Çark Caddesi’ne girin örneğin bebek arabasıyla…

Sağınızdan solunuzdan ışık hızıyla geçen motosikletlere, bisikletlere çarpmadan yol almayı deneyin…

Çark Caddesi’ni bitirdiniz; geçin karşıya, Atatürk Lisesi’nin oradan Agora AVM’ye kadar gidin dümdüz…

Ne olur bir gidin…

Agora’nın olduğu sokağın başına geldiniz ya…
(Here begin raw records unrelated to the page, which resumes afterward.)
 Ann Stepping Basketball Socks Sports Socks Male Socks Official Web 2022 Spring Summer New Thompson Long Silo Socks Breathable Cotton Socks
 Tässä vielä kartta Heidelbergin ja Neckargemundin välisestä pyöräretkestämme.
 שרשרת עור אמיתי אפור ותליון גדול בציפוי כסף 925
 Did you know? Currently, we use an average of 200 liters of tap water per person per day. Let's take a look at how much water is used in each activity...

Allah rızası için şöyle sağlı sollu kaldırımlara bir bakın ne olursunuz…

Şayet kaldırım diye bir şey varsa bakın tabii ki de…

Bunun gibi yüzlerce örnek verebilirim…

Birçok bölge sıralayabilirim…

Daha önce de yazmış ve söylemiştim; bu şehirde ne arabaya binebilir, ne de güven içinde yürüyebilirsiniz!
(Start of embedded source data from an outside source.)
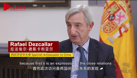 A screenshot of Spanish Ambassador to China Rafael Dezcallar, who is giving an interview to People’s Daily.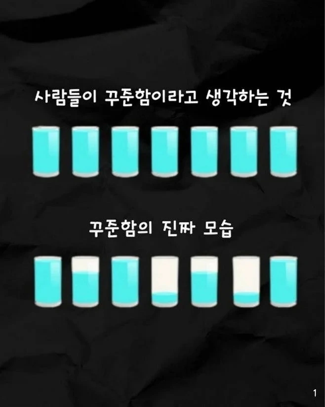 쉽게 생각해보면 꾸준하다는 것은 매일 똑같은 양의 노력을 하는 것 아닐까요. 하루도 빠짐없이 1시간씩 운동을 하거나, 매일 일정한 분량의 책을 읽어야 꾸준하다고 봅니다.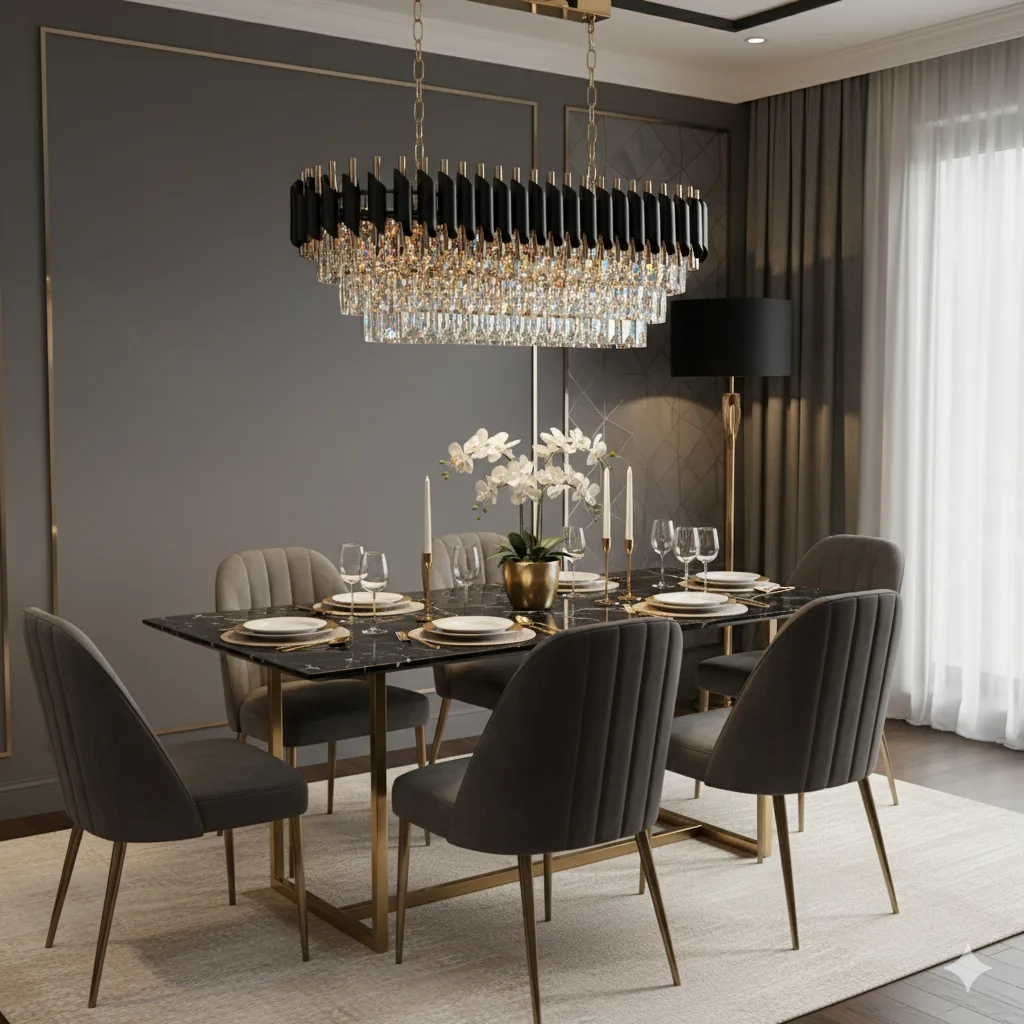 1. Cum influențează finisajul negru lumina din cameră? Structura neagră mată este opacă, ceea ce înseamnă că direcționează lumina exclusiv prin cascada de cristale. Acest lucru elimină reflexiile deranjante pe tavan și concentrează toată strălucirea spre masa de dining, creând un efect dramatic, de tip "spotlight".

Belediyelerin en çok yaptığı iş kaldırımları söküp tekrar yapmaktır…

Sürekli kaldırımlar yenilenir bu şehirde…

Ama buna rağmen her defasında kaldırımlar eğri büğrü, kırık dökük, yamuk yumuktur!

Kaldırımı düzgün yerlerde de ya esnaf taşma yaparak set çeker önünüze ya da vatandaş arabasını park eder!

Sanki yürümek temel bir insan hakkı değil bu şehirde!

İnsanın çıldırması işten bile değil gerçekten…

 

SEN MİSİN TRENE BİNEN!

Bir hanımefendi Adapazarı Ekspresi ve ADARAY üzerine yazdığım yazıya yorum yapmış…

Noktasına dokunmadan ve herhangi bir yoruma gerek duymadan aynen aktarıyorum:

“Pendik’ten 16.50 treni ile Arifiye’ye geldim.

Gelmez olaydım dedirten şeylerle karşılaştım.

Önce tren çıkışa yakın perona değil öbür tarafa yanaştı.

İndik ve rezillik başladı.

Yürüyen merdivenler çalışmıyor; yaşlı, hasta, çocuk ve talebelerden oluşan tahmini 200-250 kişi, dik ve yüksek olan, “yürüyemeyen” merdivenlerden ellerde çanta valiz çıktık.

Gene “yürüyemeyen” merdivenlerden indik.

Rezalet bitti zannederken “ADARAY çalışmıyor, yola çıkın otobüs gelir” dediler, çıktık.

Bir otobüs geldi hınca hınç dolu, birbirini ezerek binebilen bindi gitti.

Geride 200 kişicik kaldık.

O saatte şehre telefon ederek taksi çağırdım ve 40 lira verip eve geldim…

Bir daha trene binmek mi Allah korusun!

Tren gibi bir uygarlık aracı ancak bu kadar kötü yönetilebilir!

ADARAY’ın bir çalışıp bir durması da yöneticilerin yüz karasıdır!”